══ SUPPLIED DATA ══

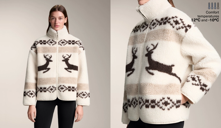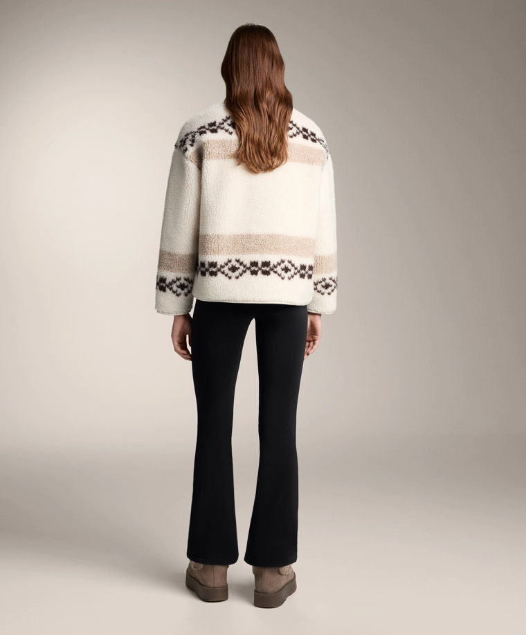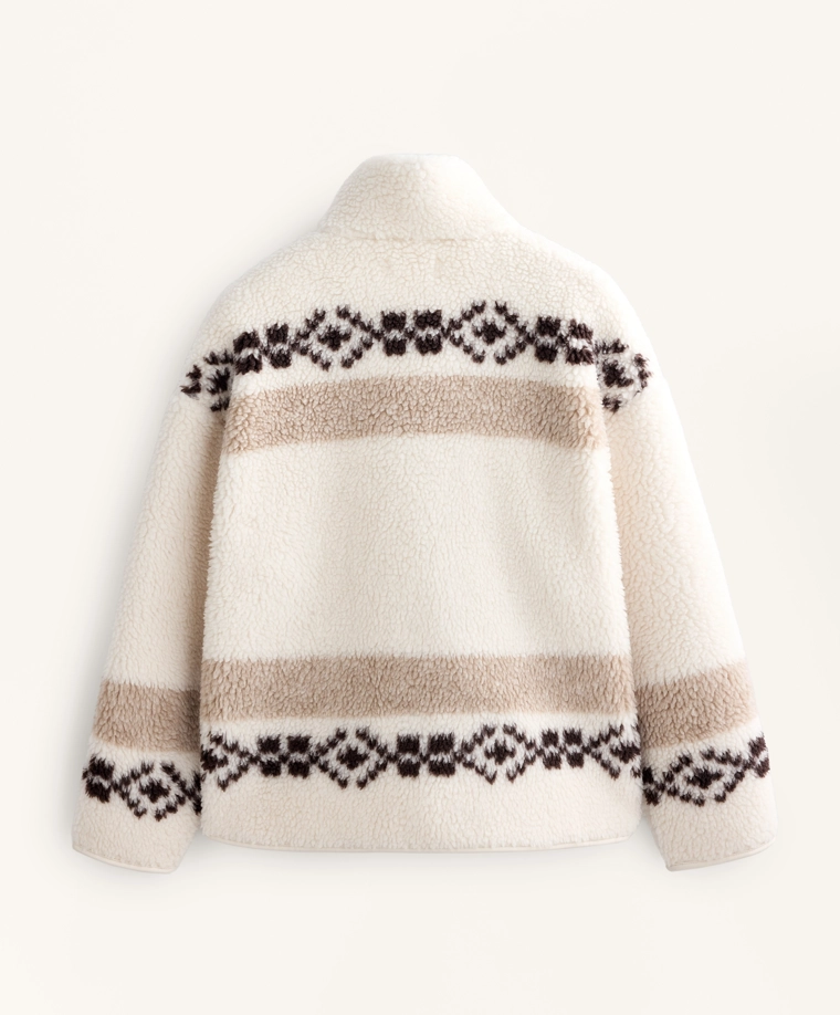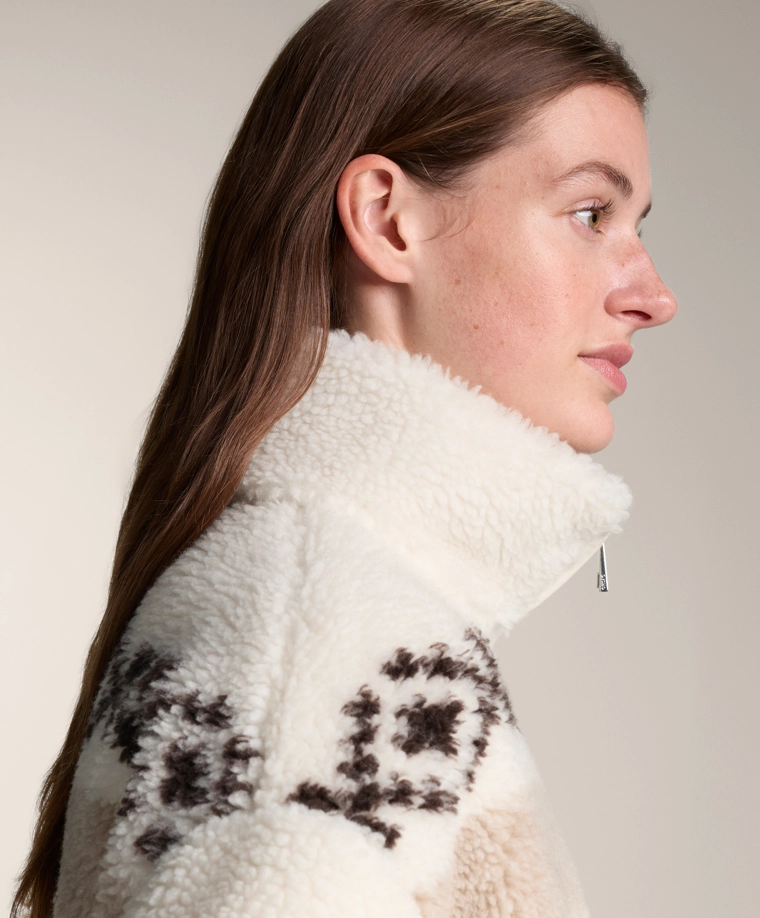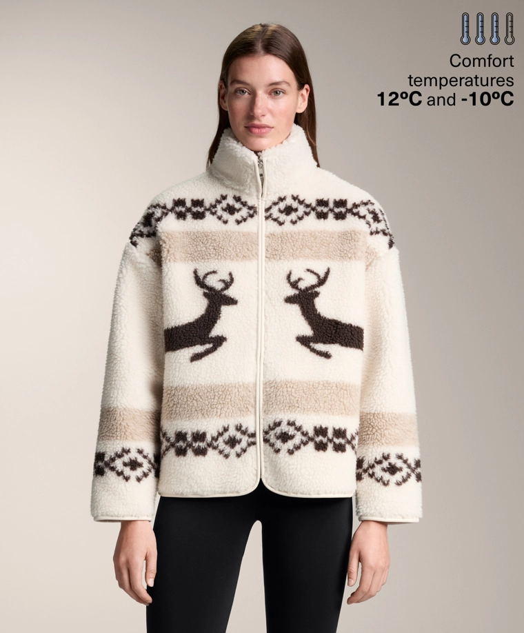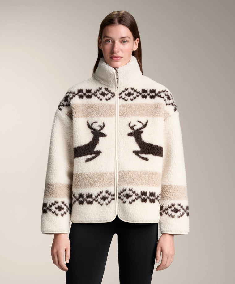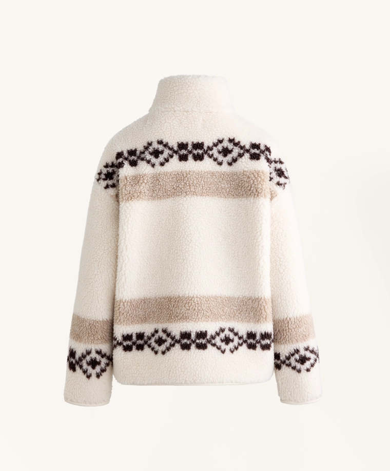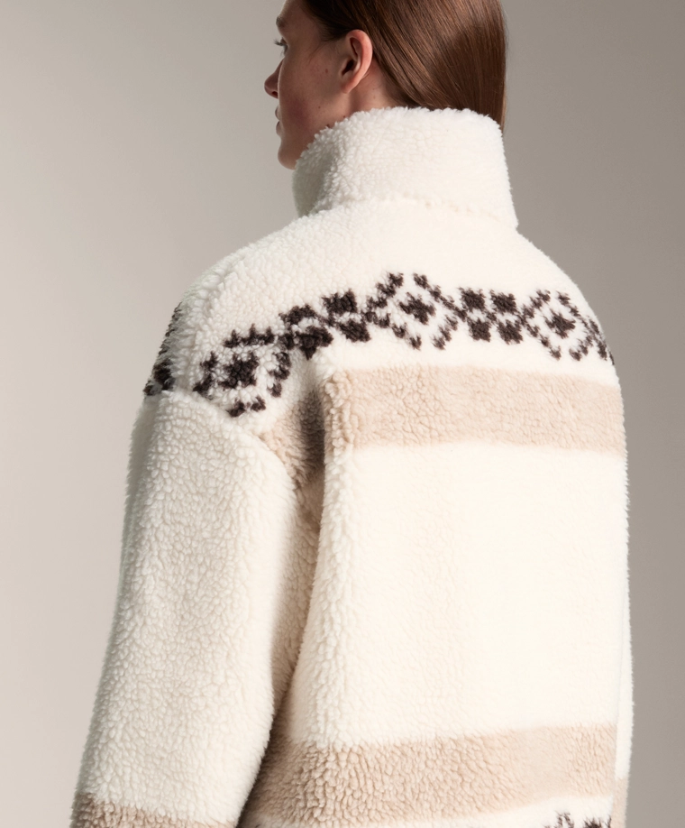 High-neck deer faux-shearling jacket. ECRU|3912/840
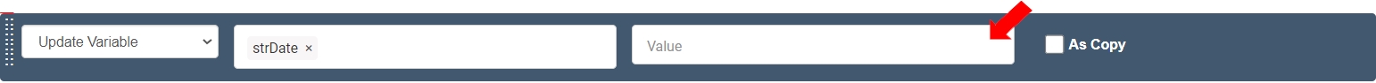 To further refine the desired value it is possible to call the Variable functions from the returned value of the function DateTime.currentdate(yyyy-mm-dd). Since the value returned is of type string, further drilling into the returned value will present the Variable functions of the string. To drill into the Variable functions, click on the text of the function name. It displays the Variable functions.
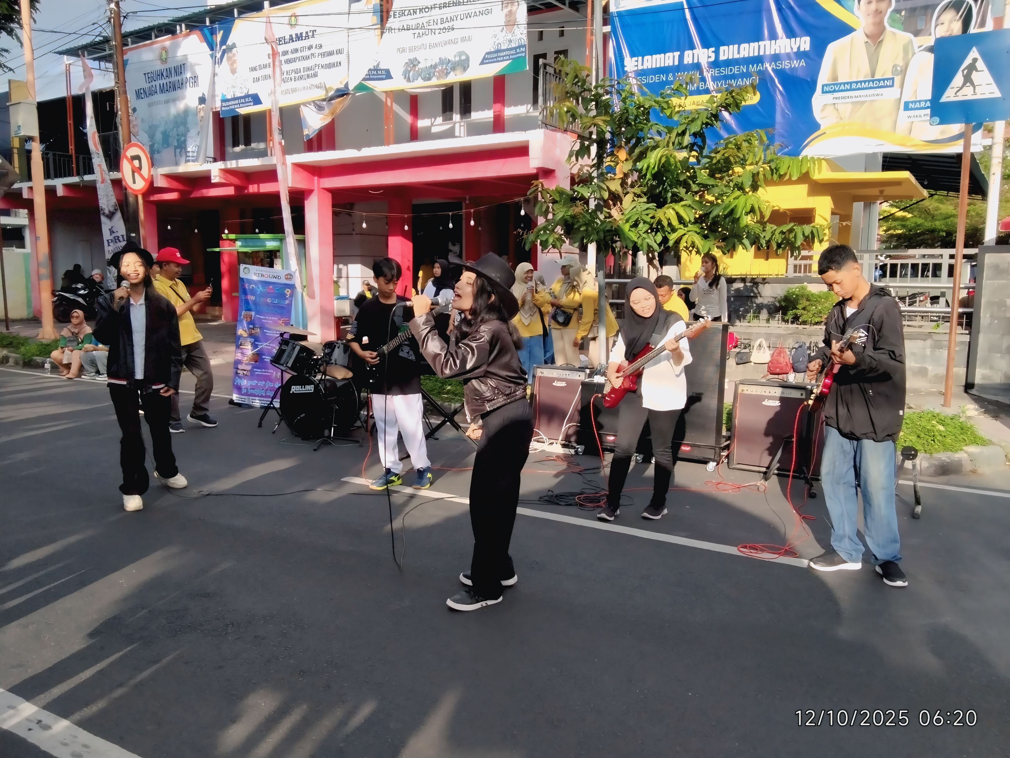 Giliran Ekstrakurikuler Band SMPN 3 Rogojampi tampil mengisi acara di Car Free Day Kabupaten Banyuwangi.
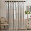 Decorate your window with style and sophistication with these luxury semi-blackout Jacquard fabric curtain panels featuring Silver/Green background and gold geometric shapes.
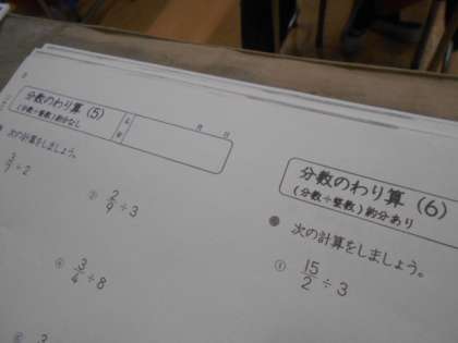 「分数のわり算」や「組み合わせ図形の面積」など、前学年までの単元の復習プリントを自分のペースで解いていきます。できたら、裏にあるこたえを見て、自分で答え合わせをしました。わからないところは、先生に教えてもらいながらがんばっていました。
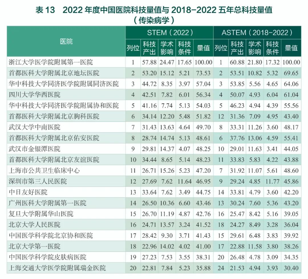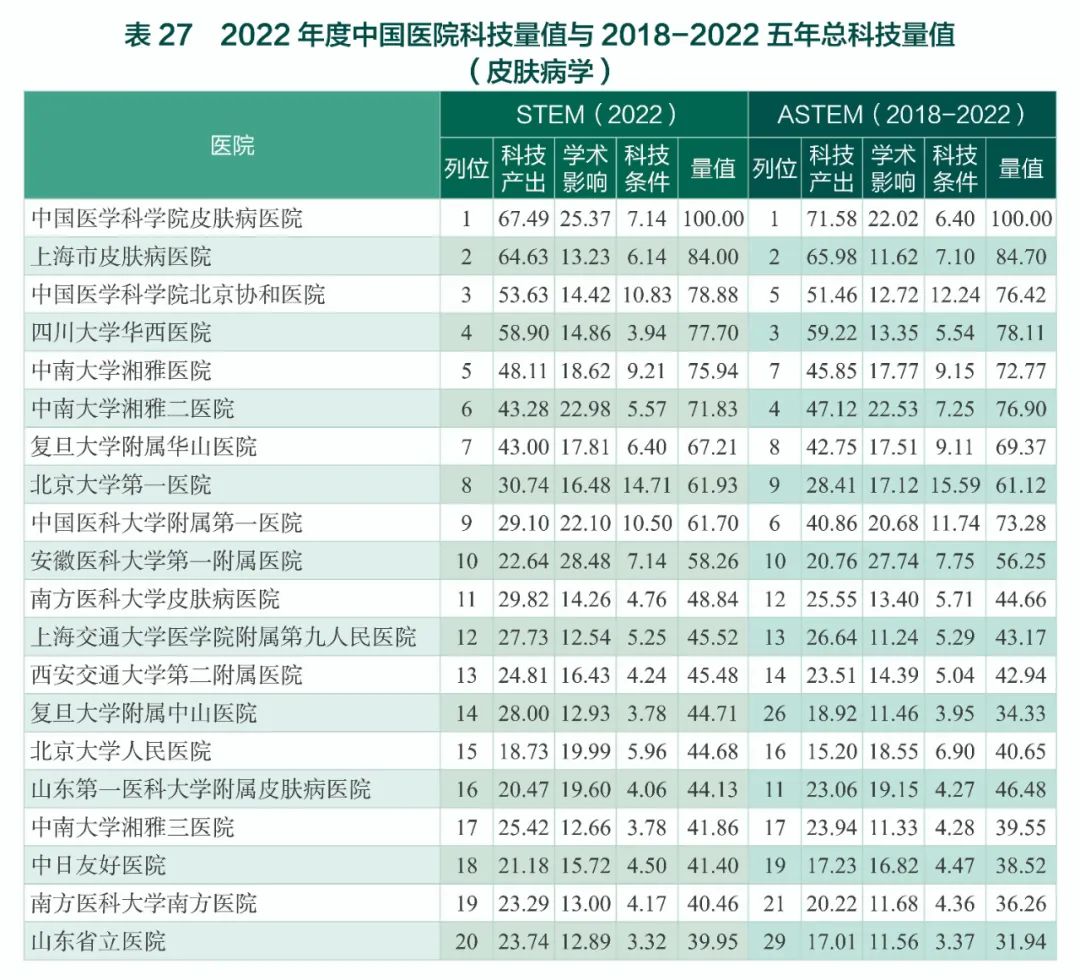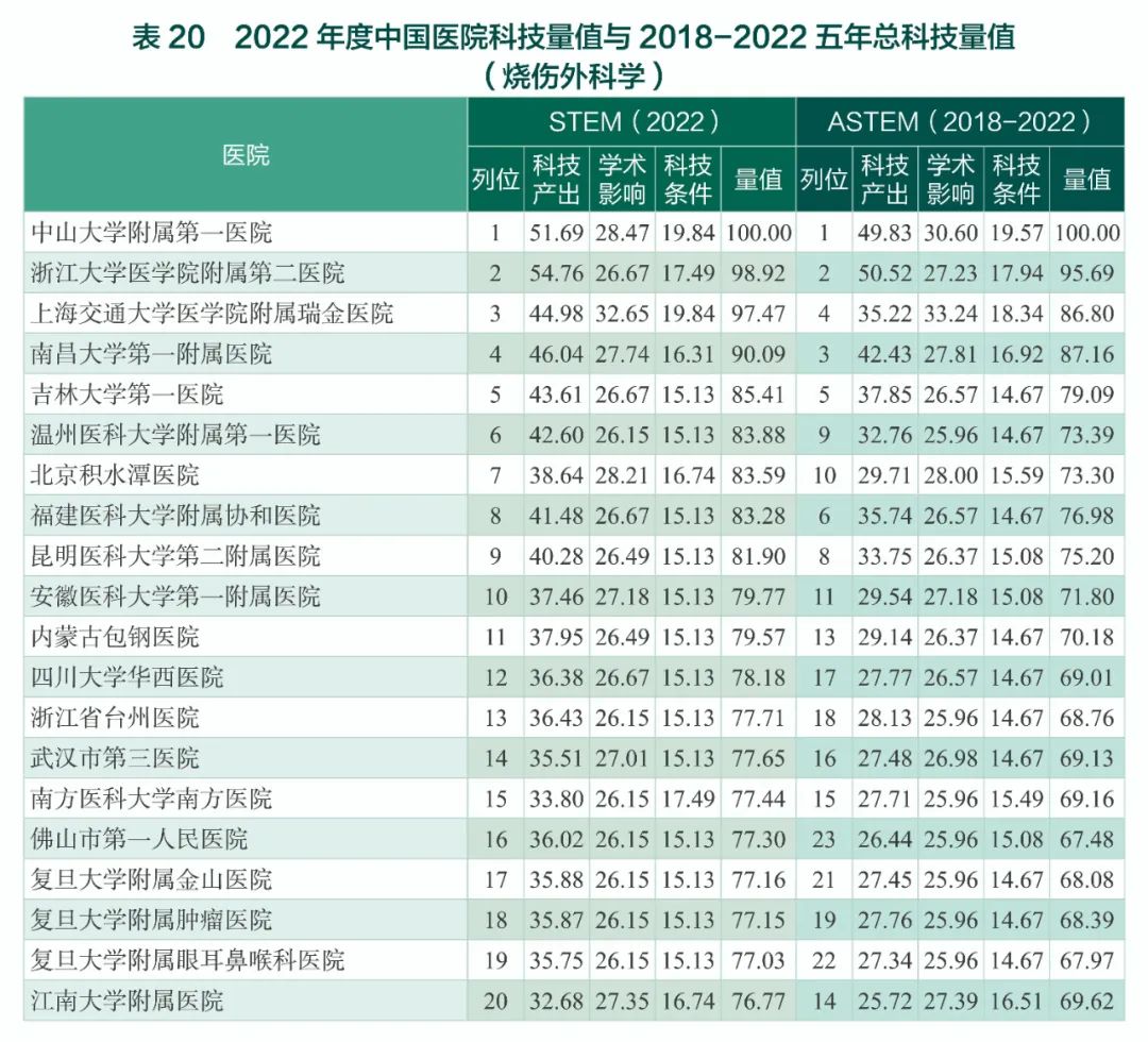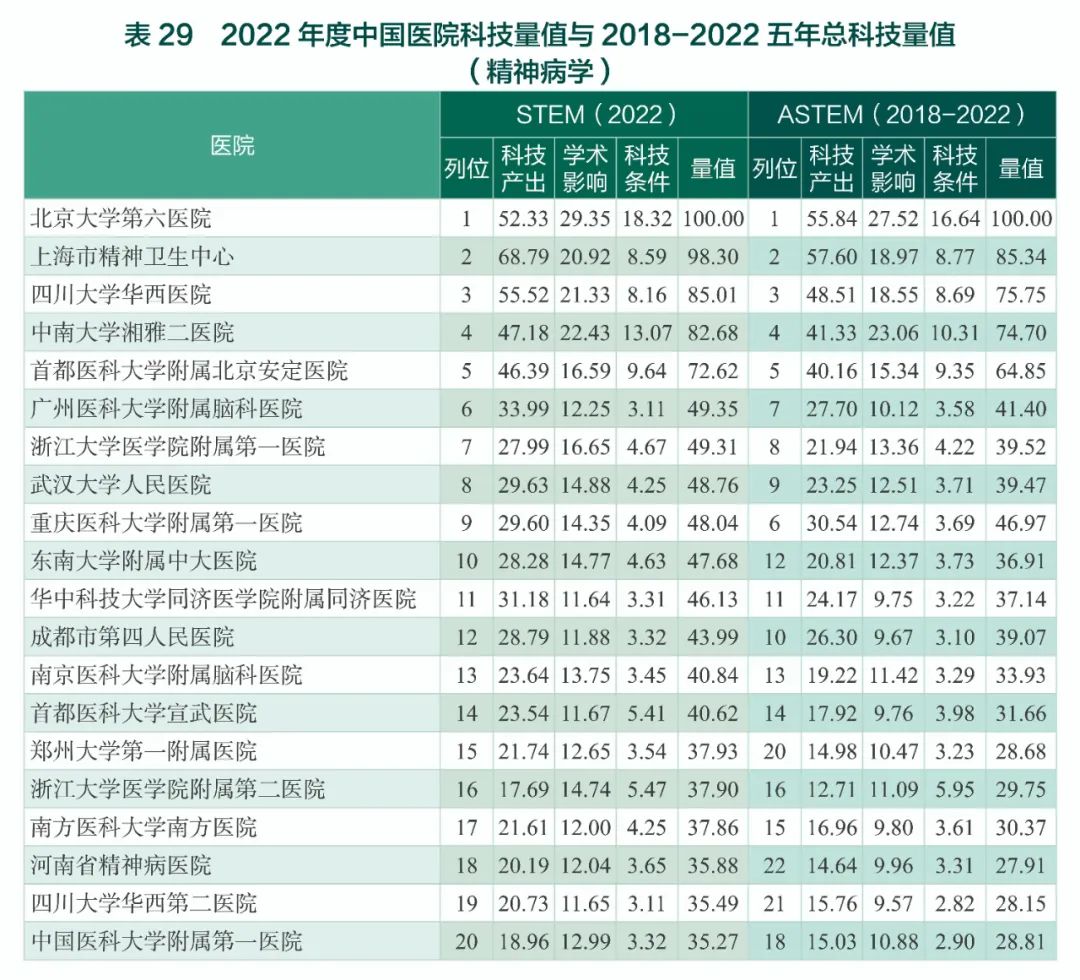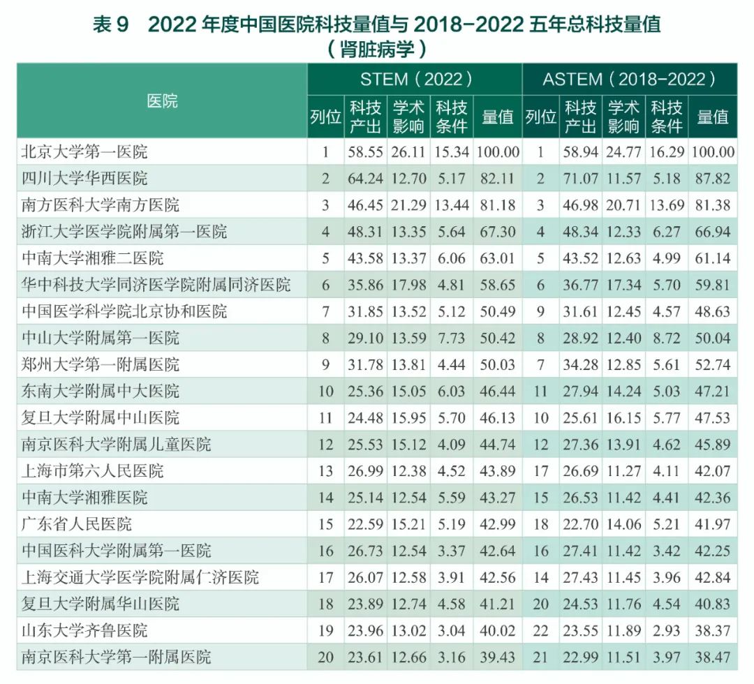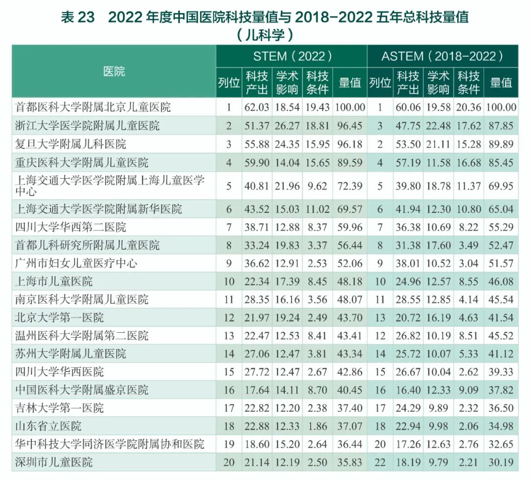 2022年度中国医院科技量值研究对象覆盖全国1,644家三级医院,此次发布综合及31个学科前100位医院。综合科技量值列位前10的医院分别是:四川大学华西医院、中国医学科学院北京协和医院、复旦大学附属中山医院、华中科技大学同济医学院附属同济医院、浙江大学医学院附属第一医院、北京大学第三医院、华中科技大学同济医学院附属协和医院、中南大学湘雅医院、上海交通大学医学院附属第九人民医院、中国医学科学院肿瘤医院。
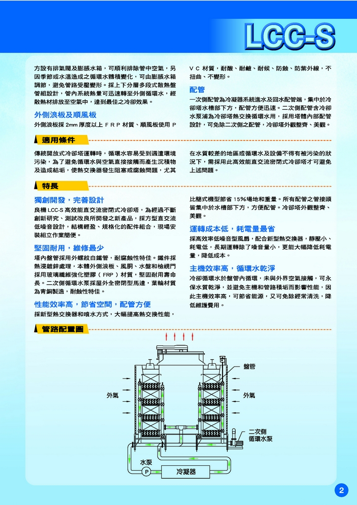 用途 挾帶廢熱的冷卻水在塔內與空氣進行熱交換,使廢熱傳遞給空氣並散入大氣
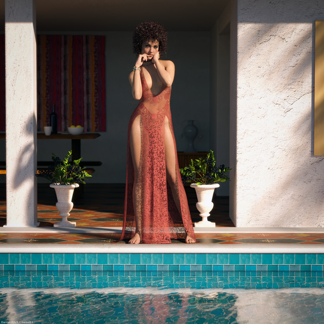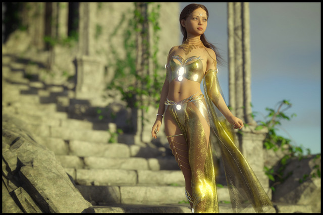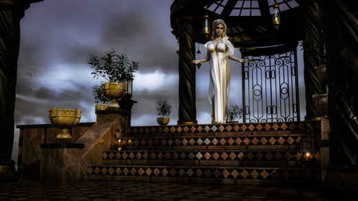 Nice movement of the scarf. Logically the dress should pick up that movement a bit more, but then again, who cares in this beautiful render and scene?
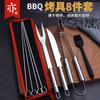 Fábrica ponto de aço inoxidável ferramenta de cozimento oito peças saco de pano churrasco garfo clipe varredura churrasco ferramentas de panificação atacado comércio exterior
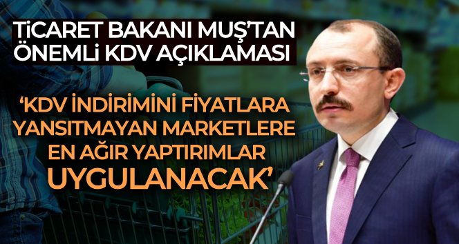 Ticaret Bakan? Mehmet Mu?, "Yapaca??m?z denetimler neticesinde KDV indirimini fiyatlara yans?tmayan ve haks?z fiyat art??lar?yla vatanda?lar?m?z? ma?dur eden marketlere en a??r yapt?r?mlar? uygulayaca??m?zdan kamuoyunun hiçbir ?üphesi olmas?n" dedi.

═══

Without the pictures, repeat the line with "Nice movement of" and every line after it to the end of the listing, and nothing else.

 Nice movement of the scarf. Logically the dress should pick up that movement a bit more, but then again, who cares in this beautiful render and scene?
 Fábrica ponto de aço inoxidável ferramenta de cozimento oito peças saco de pano churrasco garfo clipe varredura churrasco ferramentas de panificação atacado comércio exterior
 Ticaret Bakan? Mehmet Mu?, "Yapaca??m?z denetimler neticesinde KDV indirimini fiyatlara yans?tmayan ve haks?z fiyat art??lar?yla vatanda?lar?m?z? ma?dur eden marketlere en a??r yapt?r?mlar? uygulayaca??m?zdan kamuoyunun hiçbir ?üphesi olmas?n" dedi.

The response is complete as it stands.